I have placed some points of reference on the image. The first is the straight line through the horse’s tail/spine. As you can see both the saddle and the rider are sitting to the right of the centre of the horse.

Remember, naturally due to centrifugal forces, when circling, bending or turning to the left the rider is pushed to the right.

To compensate for this right shift, Angelini is collapsed through the left waist, and since his shoulders are relatively level, it is likely a left pelvic tilt causing this, further encouraging his weight to the right.

His right leg is externally rotated with the toe out to help him stabilise on this side. Likely if this compensation was non-existant, he would slip even further to the right.

Your left canter leads are likely easier Angelini, because you are in fact exaggeratedly positioned for left canter. With your left (inside hip light) and the weight on your outside hip with the right leg slightly back.

It can be difficult to give you exact advice to correct your asymmetry but here is what I would recommend without physically seeing you:

  1. Help your horse with right-sided bend without a rider (which can be done on the lunge), so you can prevent developing further left/ride asymmetries in your horse as much as possible. You can also do right-sided carrot stretches for this. Have your trainer and/or bodyworker help you with this.
  2. Get straight OFF the horse on an exercise ball in front of a mirror or with someone giving you feedback. Literally feel what it is like for your pelvis and feet to have equal weight on both sides.
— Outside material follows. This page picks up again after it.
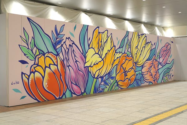 Luise Onoさんによるチューリップのミューラルアート(壁画)の写真を使用したデザインになります。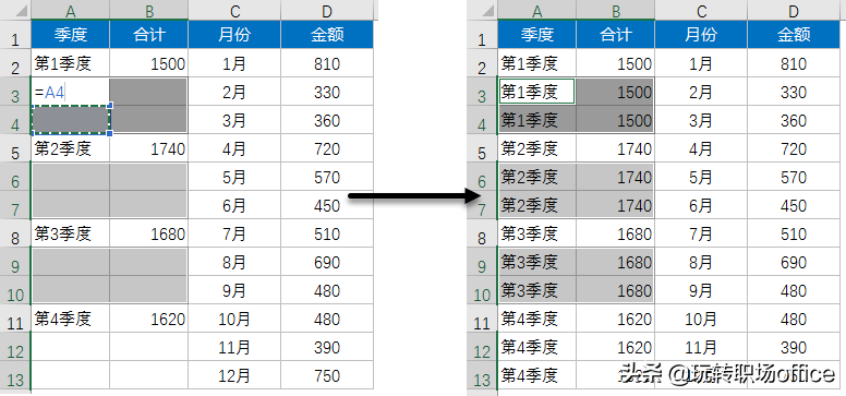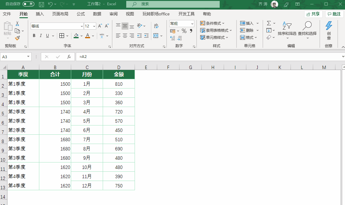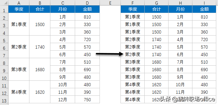 今天教给大家批量取消合并单元格并填充内容的技巧。

You can also do this on a saddle chair. Memorise this feeling of evenness (it may initially feel crooked to you).
  3. At the halt, see if you can get straight. Specifically for you, I would recommend shifting your pelvis to the left completely, (stand in your stirrups, send your pelvis to the left, and then sit back down). It will feel like you are sitting to the left and that is ok. A feeling of dropping your right shoulder might also help. You could also try stretching your left hand straight up into the air. Try this at halt first, in front of a mirror or video yourself.
  4. Practice lifting your right leg literally up off and forwards away from the horse (keep your knee bent), and balancing ONLY on your left seat bone. This will help to break the habit of wrapping that right leg around your horse. You could also try this with the left leg also, which will help you to centralise your seat (ie. You cannot lift your left leg up and off the horse, if you have too much weight on the right side as you will slip- naturally you will have to shift your pelvis to the left).
  5. Practice walking straight lines with this new feeling of sitting to the left.
  6. Ask for more yields off the right leg (ie. Leg yielding off the right leg, spiralling out on a circle to the right) at the walk first, all the while feeling your body shifting to the left.
  7. Riding bareback and/or stirrup less will help with this because if you sit too much to the right it will feel more obvious to you (and your horse).
  8. Limiting left circles and left canter for a while should help in your attempt to rebalance you and your horse. Once the right bend/circle feels like the better side, then you can return to working both sides evenly.

It will take some time to break these habits but in the long run, it will help you and your horse feel more symmetrical, balanced, and be able to pick up both leads naturally.

I hope that helps you!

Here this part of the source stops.